So check this out, quick little PUMPY story about our honeymoon. And it doesn't include any consummation. Awwwwwwwww yeah.
First day, we get to the first fancy hotel, and they have a "wine and cheese reception" every evening from 6-7. Lucky for us, we were always around at that time...uh, so we hit the wine and cheese reception every day we stayed there.
Most of us know what wine does to you - it gets you drunk.
Similarly, most of us know what cheese does to you - it constipates you a little bit.
Finally, most of us know what any food does to me - it gives me explosive diarrhea.
WINE AND CHEESE PUMP! EXPLOSIVE DIARRHEA UNPUMP!
So after three straight nights of wine and cheese from 6-7, we head to the next destination. Sadly, they didn't have a wine and cheese reception. But the owner of the property was really nice and helpful. He even suggested a couple fantastic restaurants to eat at.
His first choice, El Quenepa, was the first place we hit. Not even sure what that means, but el quenepo is a tree that grows these really tasty fruit nut things.
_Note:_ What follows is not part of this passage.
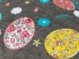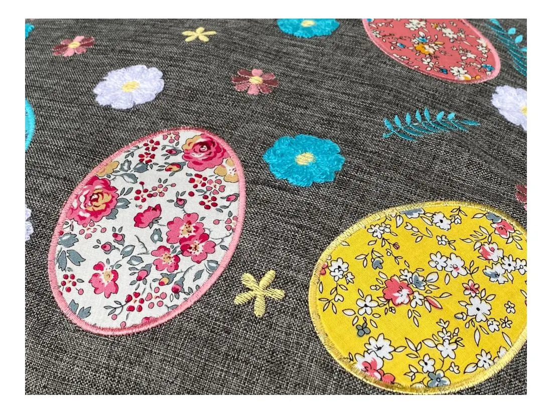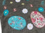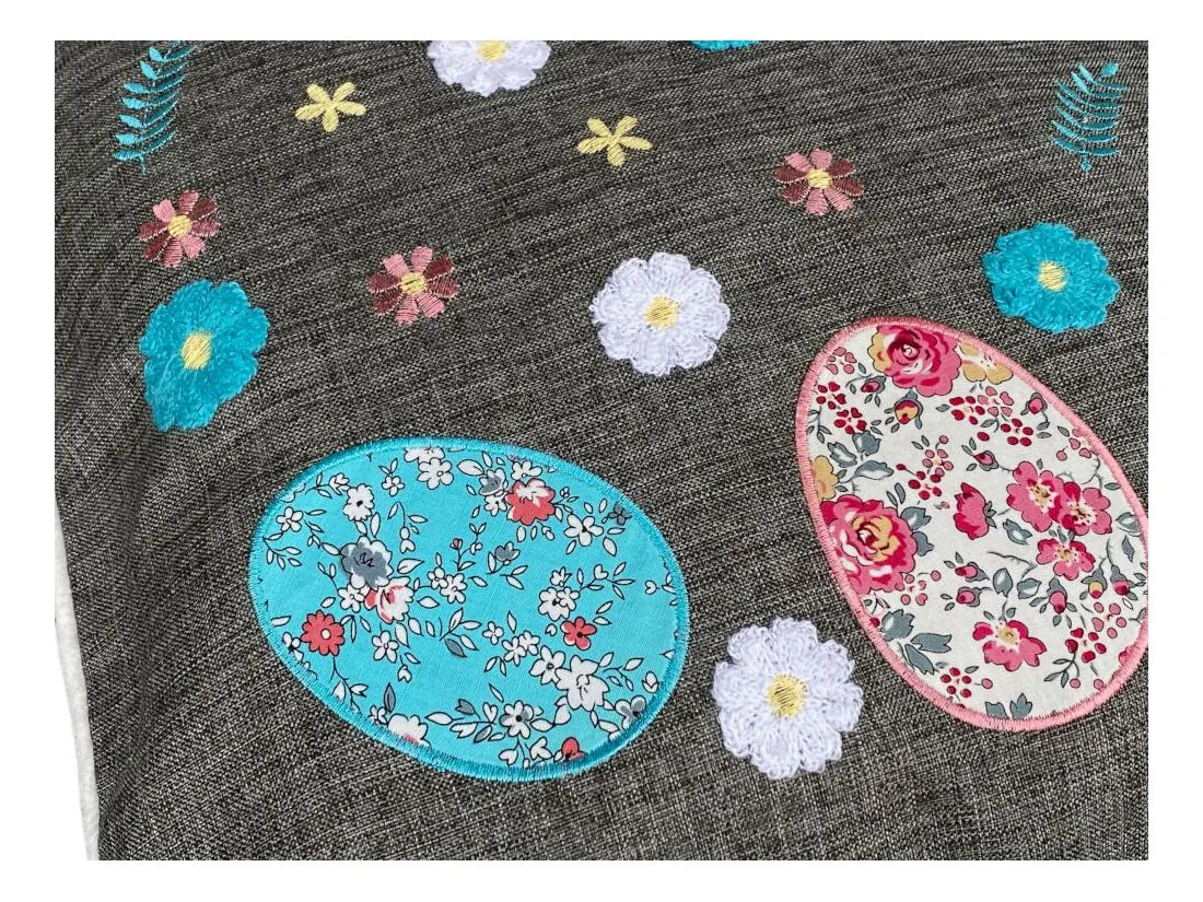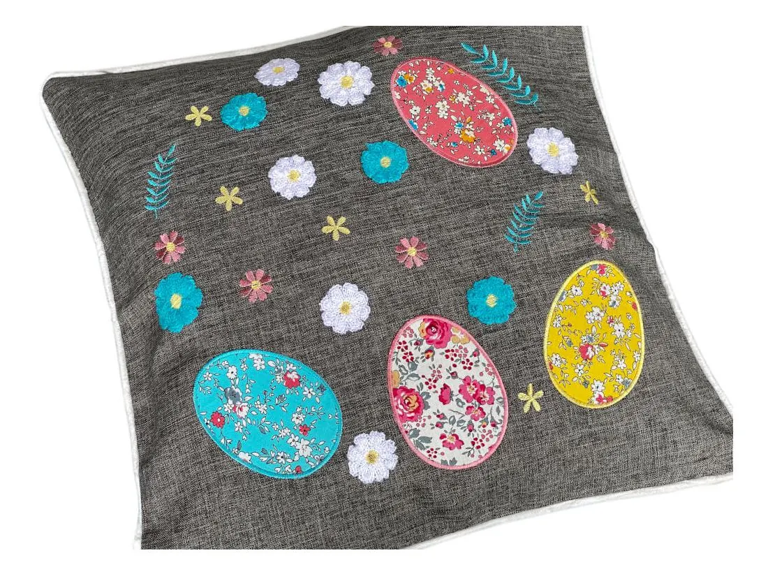 Dekoracyjna poszewka świąteczna w rozmiarze 40 x 40 cm w kolorze grafitowym z aplikacja kolorowych pisanek, została wykonana na tkaninie 100% poliester. Charakteryzuje się nowoczesnym designem, ciekawym wzorem oraz modnym kolorem. Pisanki zostały naszytę na tkaninie w otoczeniu haftowanych kwiatuszków. Poszewka została wykończona mięciutką lamówką.

Whatever. We drunkenly stumbled upon the place, and recognized the name, so we stopped in for dinner.
Of course the dinner was wonderful, as I ate the shit out of some Mahi Mahi. Then I ate the shit out of some insane flan.
Out of nowhere, "rumble rumble", my belly says. Excusing myself, I head to the men's room to unleash hell. All I could release was a slow trickle of urine.
Not worried, I head back to the table to get the bill, and bust. After a few more belly rumbles, my urge to get out of there intensifies. Sadly, the service was slow, but finally we're on our way.
Right as I pull up to our casa, it's go time. I had to shit so bad I could taste it. Seriously, I could. Disgusting. Being on the third floor was awesome, as we had an amazing view of the island, but that's three (3) goddamn flights of stairs I'm going to have to go up to get to the bathroom. Also love how the dude gave us two (2) keys that look exactly the same, and only one (1) unlocks the door. And I never choose the correct key first.
It's humid, and I've been sweating so hard for the last couple minutes. This brewing, steaming, almost certainly liquid bowel movement is only making me sweat more. The anticipation of whether or not I'll make it to the bathroom in time isn't helping either. Gettin' so PUMPED UP right now.
Finally the sweet sound of a door being unlocked rings out, and I dash for the bathroom. It was glorious. And I thought I was sweating furiously before the elimination lol, shoot, it was the during that got me.
The PUMPIEST BROWN-MAKING EVER.
It's funny, after the first couple days, eating so much cheese, and getting so plugged up, it makes sense that after the first day at the next place, I would destroy the laws of human biological waste excretion.
AND THAT MAKES FOR ONE PUMPED UP DUDE
EXTRA BONUS PUMP: I was riding my bike the other day and got hit by a car - dude was gonna run a red light, and didn't see me. That sucked.